(WHAT YOU WILL DO): What you produce should be every line from the data that includes "Vallerysthal".

Records excerpted from a collection

++++++++++

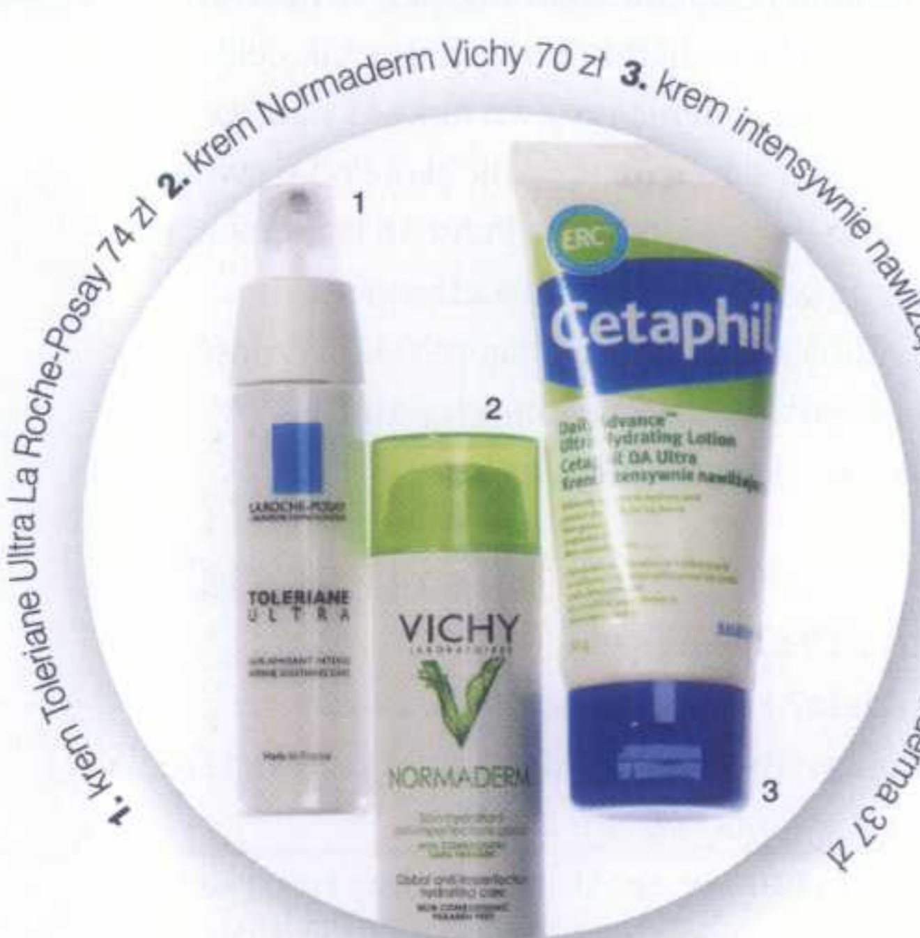
1. krem Toleriane Ultra La Roche-Posay 74 zł 2. krem Normaderm Vichy 70 zł 3. krem intensywnie nawilżający Cetaphil Da Ultra Galderma 37 zł
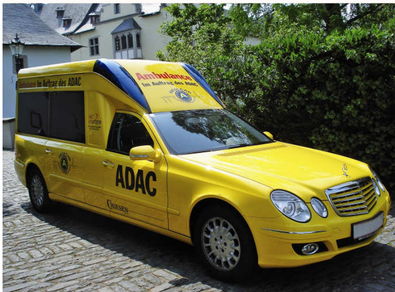
Ambulance BONNA 211 L
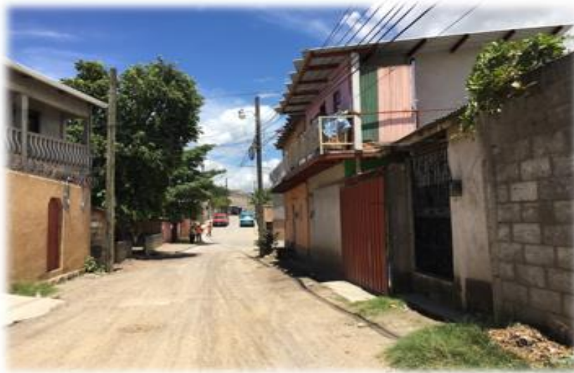
FINAL DE PAVIMENTACIÓN CON CONCRETO HIDRAULICO
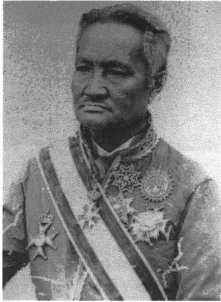
เจ้าพระยามหาคีรีสูริยวงศ์ (ช่วง บุนนาค)
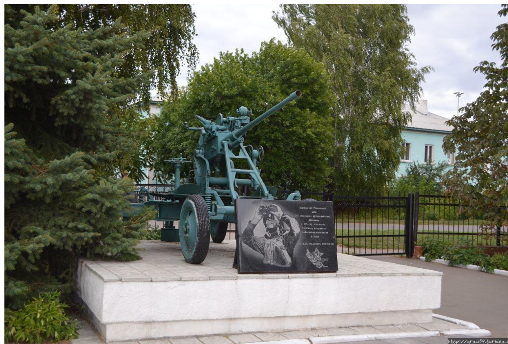
Мемориальная доска на здании вокзала станции Ртищево-I, посвящённая 100-му отдельному батальону ВНОС и 243-му ОЗАД
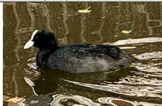
16/10, meerkoet ( fulica ), Delfgauw, Bart Hendriks
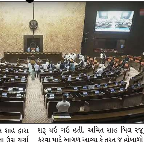
ધરાવતું બિલ ગૃહ પ્રધાન અમિત શાહ દ્વારા શરૂ થઈ ગઈ હતી. અમિત શાહ બિલ રજૂ લોકસભામાં રજૂ કરવામાં આવતા ઉગ્ર ચર્ચા કરવા માટે આગળ આવ્યા કે તરત જ હોબાળો

૧ નવી દિલ્હી, તા. ૨૨ । આજે સમાપ્ત થયેલા અને એક મહિના સુધી ચાલેલા સંસદના ચોમાસુ સત્રમાં બિહારમાં મતદાર યાદીઓની ચાલી રહેલી બાસ સઘન સુધારા (એસઆઈઆર) અંગે બંને ગૃહોમાં દરરોજ વિશેષ જોવા મળ્યો હતો. ચોમાસુ સત્રમાં વિપક્ષના હોબાળા અને વોકઆઉટ છતાં લોકસભામાં ૧૨ અને રાજ્યસભામાં ૧૫ બિલો પસાર કરવામાં આવ્યા હતાં. અમેરિકાના ધરપકડ કરાયેલા વડાપ્રધાન, મુખ્યપ્રધાનો અને પ્રધાનોને હટાવવાની જોગવાઈ
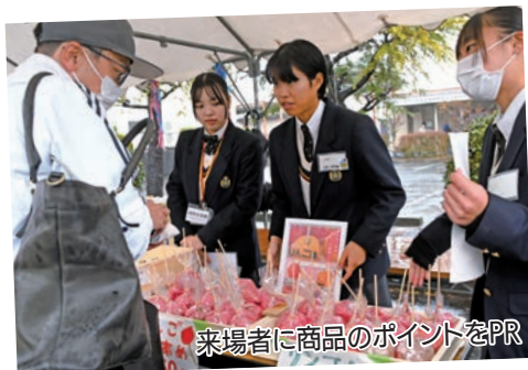
来場者に商品のポイントをPR

生徒の皆さんは、研修や就業体験で学んだことを生かした丁寧な接客で、来場者をもてなしました。
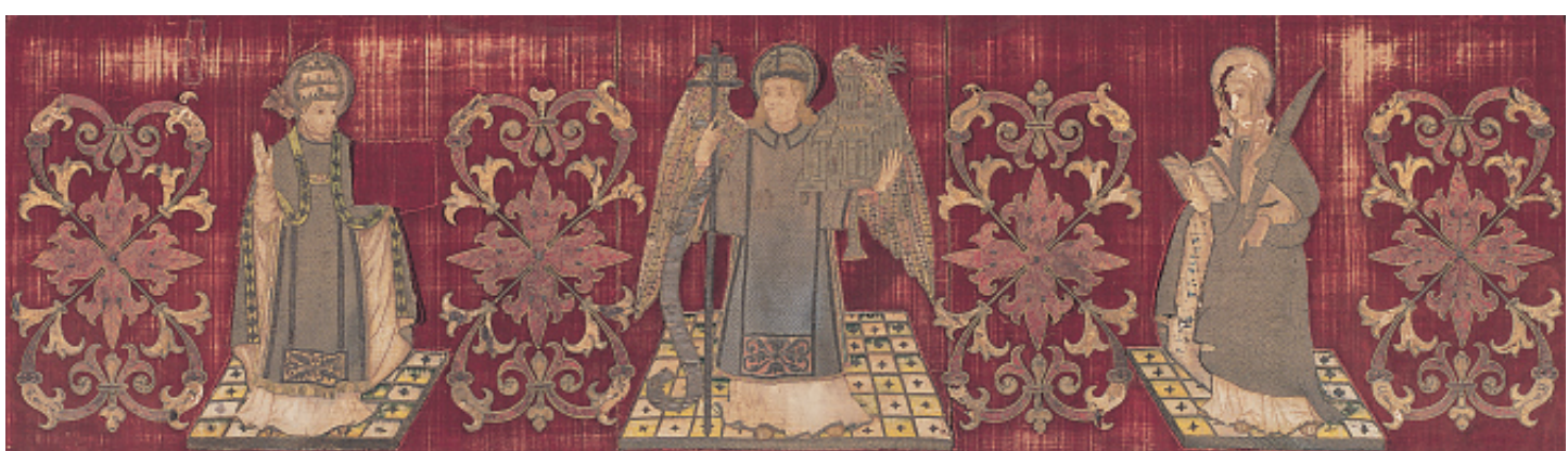
Frontal d'altar de la capella de Sant Marc, c.1550.
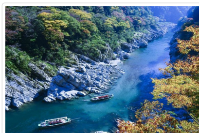
大小步危峽谷遊覽船
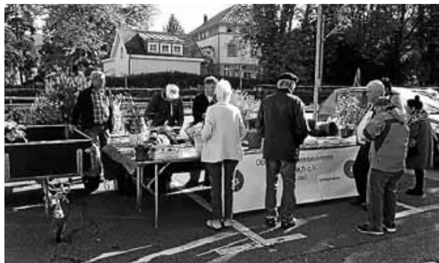
Der OGV führte eine Umtopfaktion auf dem Salmenplatz durch.

Auch in diesem Jahr können beim Obst- und Gartenbauverein Gernsbach wieder
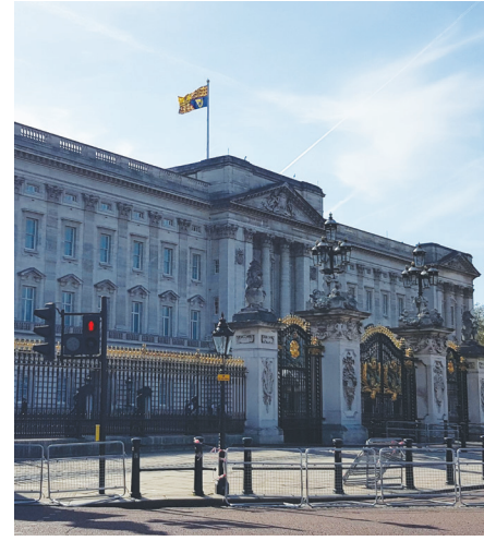
Kraliyet bayrağının dalgalandığı Buckingham Sarayı, (Fotoğraf Emre Aracı)

niteliğindedir. Üstelik Tanpınar 1953'te Londra'yı bir hayli festival havasında bulmuş olmalıydı, çünkü şehre varışından daha iki ay öncesinde, 2 Haziran günü, 26 yaşındaki Kraliçe II. Elizabeth Westminster Abbey'de gerçekleşen görkemli törende taç giymişti. Taç giyme töreninin kutlamaları bayraklarla, rengârenk flamarlarla ve kraliyet armalarıyla süslü şehirde hâlâ devam ediyordu. Hatta daha bir hafta öncesinde Sargent o yılın ikinci Prom konserinde Royal Albert Hall'da "Coronation" temalı Purcell, Handel ve Walton'ın eserlerinden oluşan bir program idare etmişti. O akşam eserler arasında Handel'in Kral II. George'un 1727'deki taç giyme töreni için bestelediği ve her dinleyişe insana ayaklarının yerden kesildiğini hissettiren Zadok the Priest "Coronation Anthem"i de seslendirilmişti. Bu "Anthem" in 1727'den beri her taç giyme töreninde seslendirilmesi artık değişmez bir gelenek haline alacaktı. Sargent 2 Haziran'da Westminster Abbey'deki törende hazır bulunduğu gibi tören sonrası sinemalarda gösterilen taç giyme merasiminin filminde kullanılan fon müziğinin kaydını da idare etti. Tam tamına 70 yıl sonra Tanpınar'la Londra sokaklarını dolaşırken bu defa
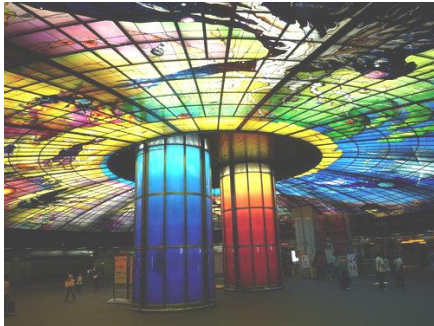
高雄捷運 美麗島站 光之穹頂
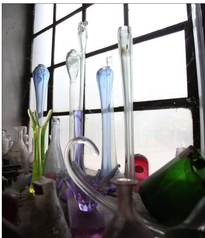
À Vallerysthal, le cristal le plus pur se parait parfois de superbes couleurs.

À la lumière d'une lampe de poche, dans les greniers de l'ancienne cristallerie de Vallerysthal, une clé ouvre une porte hors d'âge. Le panneau de bois s'entrouvre, récalcitrant, et dévoile un véritable trésor. Parfaitement alignés sur des étagères fluettes, 30 000 modèles de pièces produites dans cette usine entre 1838 et 1996 attendent. Leur éclat est terni par l'épaisse couche de poussière qui les recouvre. Certains ont été brisés sous l'action d'un courant d'air ou de quelques rongeurs. Tous ont encore leur étiquette avec le nom et la référence du modèle, souvent écrits à la main, en français ou en allemand selon l'époque à laquelle l'un des milliers d'ouvriers passés par là les ont façonnés.
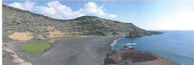
La spiaggia vulcanica di Lanzarote, nell'arcipelago delle Canarie
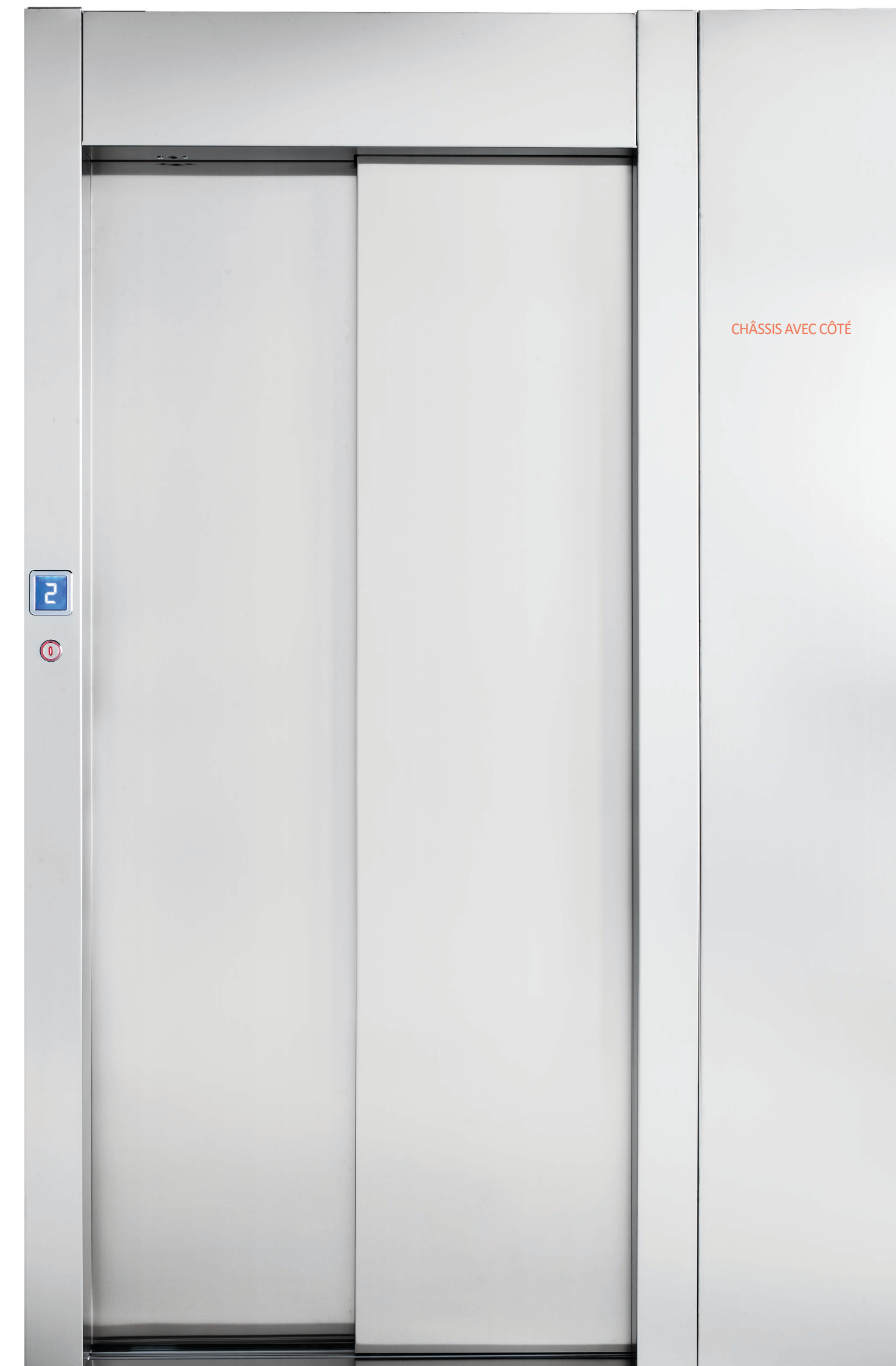
CHÂSSIS AVEC CÔTÉ
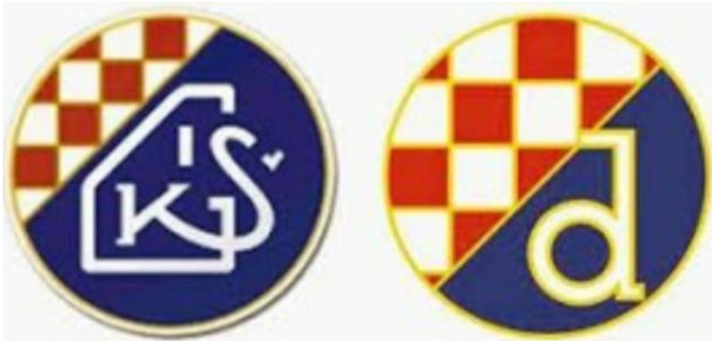
Slike 3. Logo Dinama nekada i sada
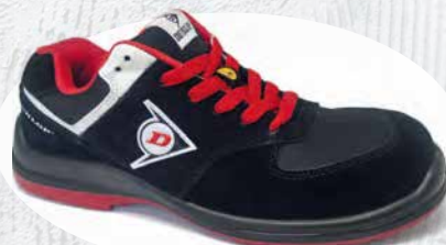
ROSSO · RED · ROUGE 0201037

++++++++++

(SOLVED EXERCISE):
À Vallerysthal, le cristal le plus pur se parait parfois de superbes couleurs.
À la lumière d'une lampe de poche, dans les greniers de l'ancienne cristallerie de Vallerysthal, une clé ouvre une porte hors d'âge. Le panneau de bois s'entrouvre, récalcitrant, et dévoile un véritable trésor. Parfaitement alignés sur des étagères fluettes, 30 000 modèles de pièces produites dans cette usine entre 1838 et 1996 attendent. Leur éclat est terni par l'épaisse couche de poussière qui les recouvre. Certains ont été brisés sous l'action d'un courant d'air ou de quelques rongeurs. Tous ont encore leur étiquette avec le nom et la référence du modèle, souvent écrits à la main, en français ou en allemand selon l'époque à laquelle l'un des milliers d'ouvriers passés par là les ont façonnés.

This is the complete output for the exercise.